Crab Wontons with Soy-Ginger Dipping Sauce

Serves 8

  • ¼ c. panko bread crumbs
  • ¾ c. cream cheese
  • 1/3 c. finely diced red pepper
  • 2 Tbsp. green onions, thinly cut on the bias
  • 2 Tbsp. minced shallots
  • 1/8 tsp. salt
  • Pinch freshly ground black pepper
  • 2 oz. crab meat, picked over to remove any shell
  • ¾ tsp. lemon zest
  • 16 wonton wrappers

HEAT the oven to 350°F. Spread the bread crumbs in an even layer on a baking sheet and toast until they’re a light golden color, about 8 minutes.

PULSE the cream cheese in a food processor until smooth. Transfer to a large mixing bowl. Stir in the red pepper, green onion, shallots, salt, pepper, bread crumbs, crab, and lemon zest. Mix gently until well blended.

PUT the mixture into a large zip-top bag; snip off one of the lower corners.

ARRANGE the wonton wrappers on a dry, clean surface. Pipe about 2 tablespoons of the crab mixture into the center of each wonton; lightly brush a little water on the edges of the wonton to help seal the wonton. Bring the top right corner and the bottom left corner to a point and pinch; then bring your bottom right corner in and pinch. Repeat the same with the other corner to form a pouch.

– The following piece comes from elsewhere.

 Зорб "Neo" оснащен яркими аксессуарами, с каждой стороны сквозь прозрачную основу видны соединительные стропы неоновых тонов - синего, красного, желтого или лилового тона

TO bake, increase the oven temperature to 400°F. Spray a baking sheet with nonstick cooking spray. Arrange the wontons on the baking sheet and spray each one with a very light coat of cooking spray. Bake until golden brown, or about 6 minutes. Serve two pieces for each serving immediately with dipping sauce

Serving Size: 2 wontons; Calories: 160; Total Fat: 8 g; Carbohydrate: 16 g; Dietary Fiber: 1 g; Protein: 5 g

 

Truffled Black Olive Bruschetta

Makes 12 Bruschette

  • 1 Tbsp. minced shallot
  • ¼ c. seeded and diced tomato
  • ¼ c. diced good quality pitted black olive, such as kalamata
  • 1 tsp. chopped Italian parsley
  • 1 tsp. thinly sliced fresh basil
  • ½ tsp. chopped garlic
  • 1 Tbsp. balsamic vinegar
  • 2 tsp. truffle oil
  • ¼ c. finely diced buffalo mozzarella or other fresh mozzarella
  • 12 quarter-inch slices whole-wheat artisan baguette, cut at an angle
  • Olive oil

PUT all the ingredients—except the bread and olive oil—in a small bowl, mix gently, cover tightly and refrigerate at least an hour to let the flavors marry.

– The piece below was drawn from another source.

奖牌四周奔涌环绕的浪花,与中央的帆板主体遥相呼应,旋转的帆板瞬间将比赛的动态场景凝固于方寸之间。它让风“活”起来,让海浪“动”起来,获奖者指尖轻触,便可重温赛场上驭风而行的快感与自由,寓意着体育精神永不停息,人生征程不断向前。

HEAT the oven to 400°F. Spray the bread with a thin mist of olive oil and bake in the hot oven until crisp, 4 to 5 minutes.

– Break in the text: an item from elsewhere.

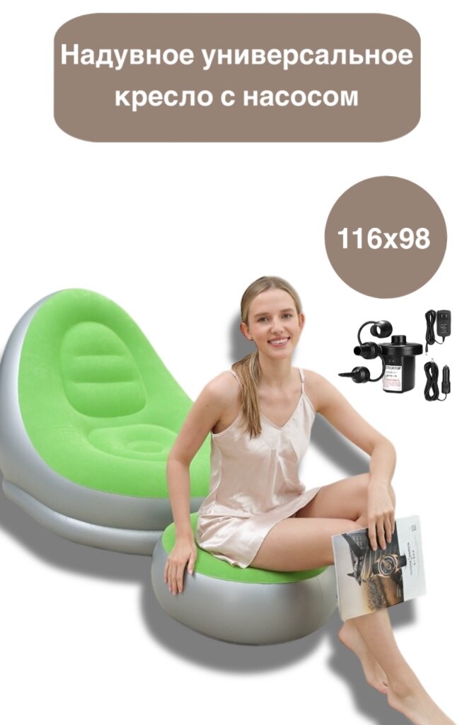 Ниже Вы можете прочитать отзывы на Надувное универсальное кресло с насосом, для дома и дачи, серебряно-зеленое, 116x98x83 см, ознакомится с подробными характеристиками, посмотреть интересные обзоры и фотографии на Надувное универсальное кресло с насосом, для дома и дачи, серебряно-зеленое, 116x98x83 см.

TO serve, drain off any liquid that may have accumulate in the topping bowl and then pile about 1 tablespoon of the topping onto each piece of toast. Serve right away.

Serving Size: 1 bruschetta; Calories: 80; Total Fat: 2 g; Carbohydrate: 12 g; Dietary Fiber: 1 g; Protein: 3 g

 

Wild Salmon Crostini with Agave-Thyme Vinaigrette

Makes 4 Servings

  • 4 oz. cured wild salmon
  • ½ slice multigrain bread, cut into quarter-sized rounds
  • 4 oz. Neufchâtel cream cheese
  • 2 Tbsp. fresh orange zest
  • ¼ c. Agave Thyme Vinaigrette (recipe follows)
  • ½ tsp. extra-virgin olive oil

THINLY slice cured salmon. Overlap two or more slices, and then roll loosely to resemble a rosebud. Refrigerate until needed.

TOSS multigrain bread rounds lightly in olive oil, then place on baking sheet and bake in 375°F oven until crisp, about 4 to 6 minutes. Remove from oven and allow to cool.

IN a small food processor, combine Neufchâtel cheese and orange zest.

SPOON 1 tablespoon of Agave-Thyme Vinaigrette per plate. Spread each crostini with a small amount of citrus cream cheese and place on the plate. Top the crostini with a salmon rose.

Agave-Thyme Vinaigrette

Makes About 1 Cup; Serving Size: 1 Tablespoon

  • ¼ c. rice vinegar
  • 1 lemon, juiced, about 2 tablespoons
  • 1 Tbsp. Dijon mustard
  • ½ c. agave nectar
  • 1/8 tsp. cayenne
  • ¼ c. extra-virgin olive oil
  • 1 Tbsp. fresh thyme leaves, stripped from the stems

PLACE all ingredients except olive oil and fresh thyme in blender. Blend to completely mix, then drizzle oil into dressing on low speed until fully emulsified. Stir in thyme leaves, and refrigerate until ready to serve.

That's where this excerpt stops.